AI-Powered Growth in a Stagnant Housing Market
Zillow Group delivered 18% revenue growth in the first quarter, reaching USD 708 million (approx. RM3.25 billion), even as overall housing activity stayed essentially flat. That performance signals how AI real estate platforms can grow by boosting productivity and deepening engagement rather than relying solely on market volume. In its shareholder letter, Zillow framed the quarter less as a financial recap and more as a technology roadmap, positioning artificial intelligence as the central engine of its strategy. Net income climbed to USD 46 million (approx. RM211 million), and the company projected mid-teens revenue growth for the full year while planning for the housing market to remain near the bottom of its cycle. The message to investors and competitors is clear: Zillow’s path forward depends on turning AI into both a cost-efficiency lever and a revenue generator, not a side experiment.
Zillow AI Integration: From Coding Speed to Consumer Search
Zillow is embedding AI deep into its operations, starting with its own engineering teams. The company says its developers are shipping 40% more code on average thanks to internal AI tools, helping move features faster from concept to launch. On the consumer side, an AI-powered search mode has begun rolling out to about 5% of users, reaching millions of people. Early signals suggest these users are having deeper conversations with the platform and taking more actionable steps compared with traditional search. Zillow is also feeding listings, photos, and pricing into a partnership with ChatGPT, funneling users back to its ecosystem for tours and financing. These moves illustrate a broader real estate tech trend: AI productivity gains in development, paired with more intuitive, conversational search experiences, are becoming table stakes for platforms that want to remain indispensable to buyers, renters, and sellers.

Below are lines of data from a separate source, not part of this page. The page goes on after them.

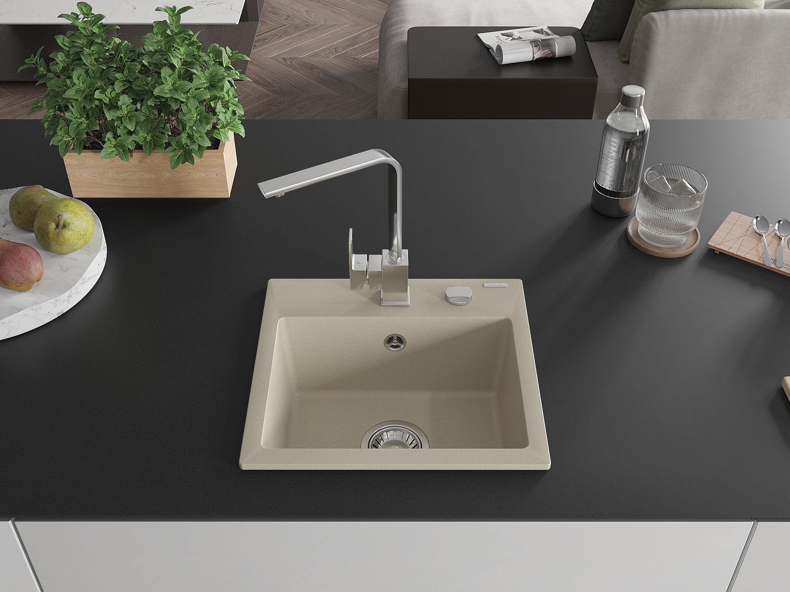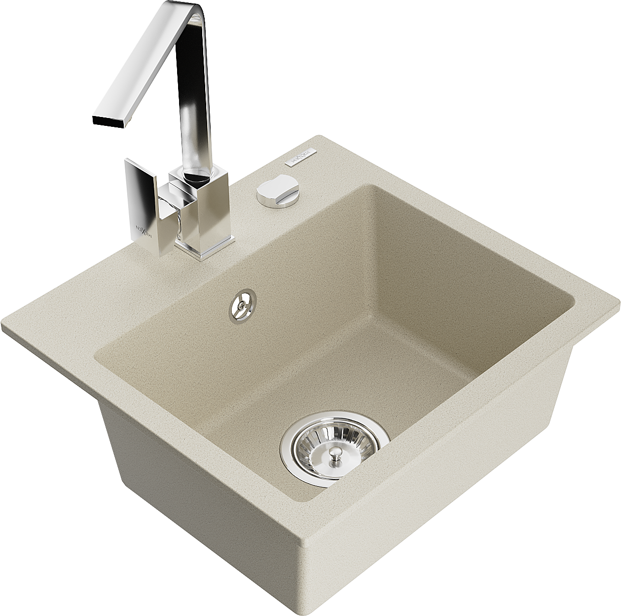 Mexen Milo évier en granit 1-bac avec robinet de cuisine Rita, beige - 6505-69-670300-00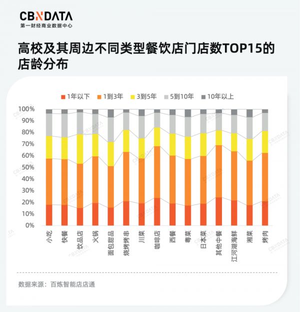 在店铺的经营年限方面,高校区域的商业生态也展现出了与行业整体相符的快速更新换代特征。主要品类的餐饮店中,近20%的门店是在近一年内新开业。对于多数品类而言,三年以下的店铺数量占比约为六成,而经营时间超过十年的“老店”所占比例则不足一成。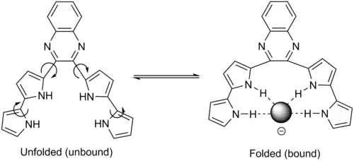 Abiotic foldamers are again organic molecules designed to exhibit dynamic folding. They exploit a few known key intermolecular interactions, as optimized by their design. One example is oligopyrroles that organize upon binding anions like chloride through hydrogen bonding (see figure). Folding is induced in the presence of an anion: the polypyrrole groups have little conformational restriction otherwise.[17][18]

AI Productivity Gains for Agents, Landlords, and Lenders
Beyond consumers, Zillow is positioning AI as infrastructure for professionals across the real estate value chain. Follow Up Boss, its CRM for real estate teams, is evolving into an “AI-powered workflow engine” that helps with coordination, lead prioritization, and outreach. Monthly active users have climbed more than 70% since Zillow acquired the tool, underscoring how AI can increase adoption when it streamlines day-to-day work. In rentals, AI Assist acts as an embedded leasing assistant in multifamily listings, handling lead management, applicant screening, and lease coordination for property managers. On the financing side, Zillow Home Loans nearly doubled purchase loan origination volume, rising 96% to USD 1.5 billion (approx. RM6.88 billion), making it a top-25 purchase lender. Together, these capabilities show how AI real estate platforms can tie productivity gains directly to revenue growth across sales, rentals, and lending.

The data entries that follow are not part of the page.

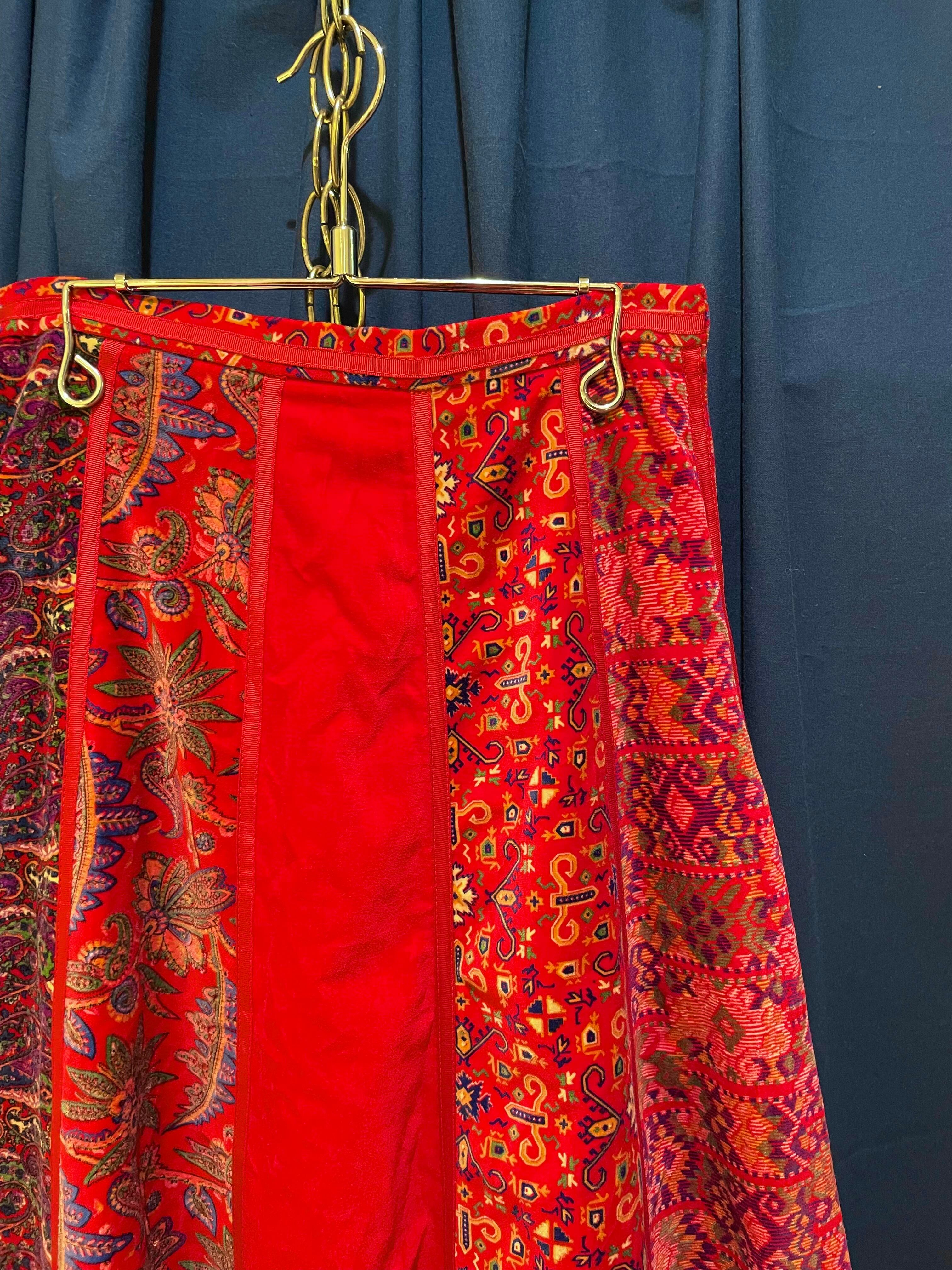 柄の違った生地をふんだんに使い、合わせ部分には赤のテープが縫い合わさった手の込んだ1着。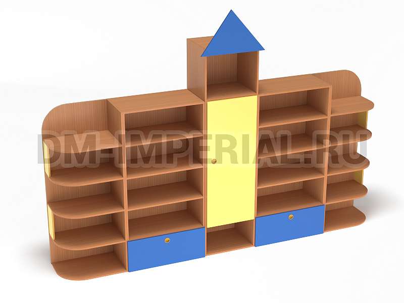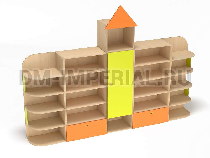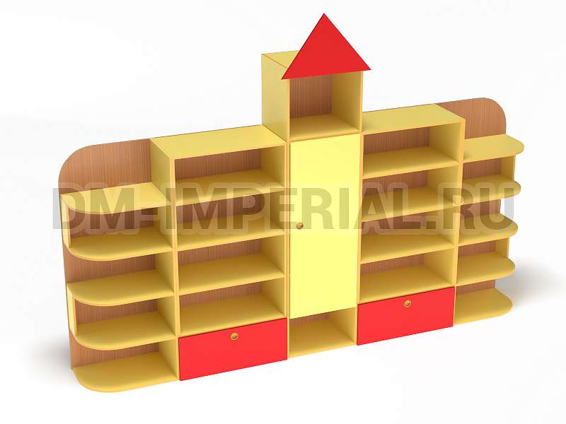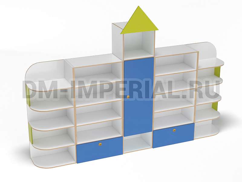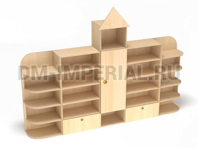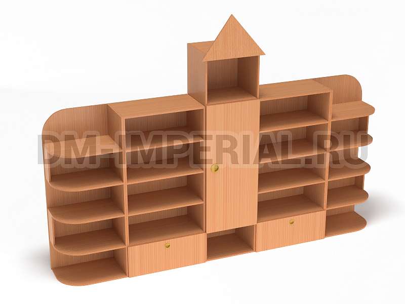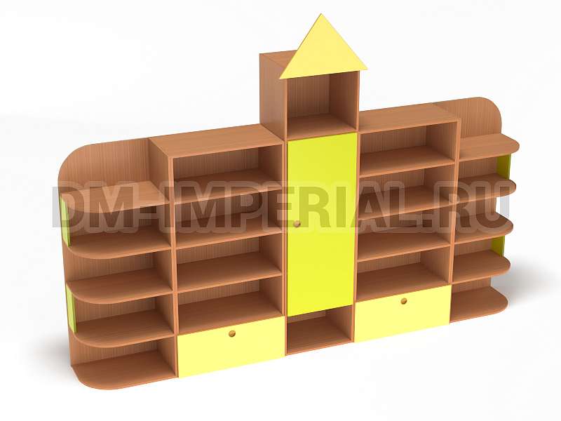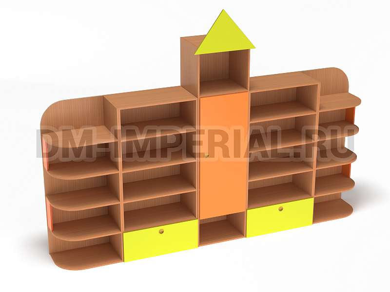 На данной странице представлен стеллаж «Теремок», чья конструкция визуально напоминает домик. Конструкционно модель напоминает шкафчик "Домик" (также представлен в каталоге), но отличается большим количеством секций для хранения вещей. Перед нами достаточно массивный стеллаж, хорошо подходящий для просторных помещений и способный вместить много необходимых для интересного досуга предметов. Габариты следующие - 3450*470*2440/1620 мм. Высота шкафа варьируется.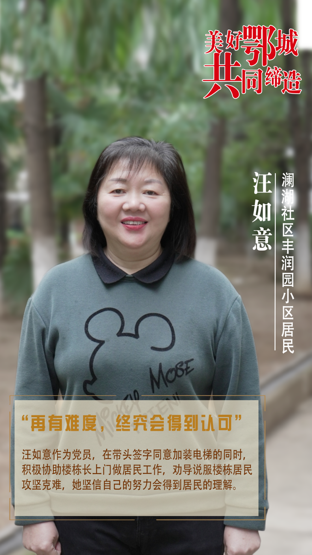 汪如意作为党员,在带头签字同意加装电梯的同时,积极协助楼栋长上门做居民工作,劝导说服楼栋居民攻坚克难,她坚信自己的努力会得到居民的理解。

Competitive Edge, Legal Risks, and the Future of Real Estate Tech
Zillow argues that its proprietary data, large consumer audience, and end-to-end transaction tools give it an AI advantage that generic platforms can’t easily match. Its partnership with Realtor.com to distribute Zillow Preview pre-market listings, now supported by more than 60 brokerage partners, shows how AI-enhanced inventory can become a competitive differentiator. At the same time, Zillow is navigating mounting legal and regulatory pressure, flagging USD 11 million (approx. RM50 million) in incremental legal costs in the quarter, with expectations of about USD 20 million (approx. RM92 million) in the next, including an FTC trial over rental syndication and an active copyright case. The company also repurchased 13.5 million shares for USD 626 million (approx. RM2.87 billion), using nearly half its cash. As real estate tech trends converge around AI, Zillow’s strategy highlights both the upside—productivity, engagement, diversification—and the growing operational and legal complexity that comes with becoming an AI-first platform.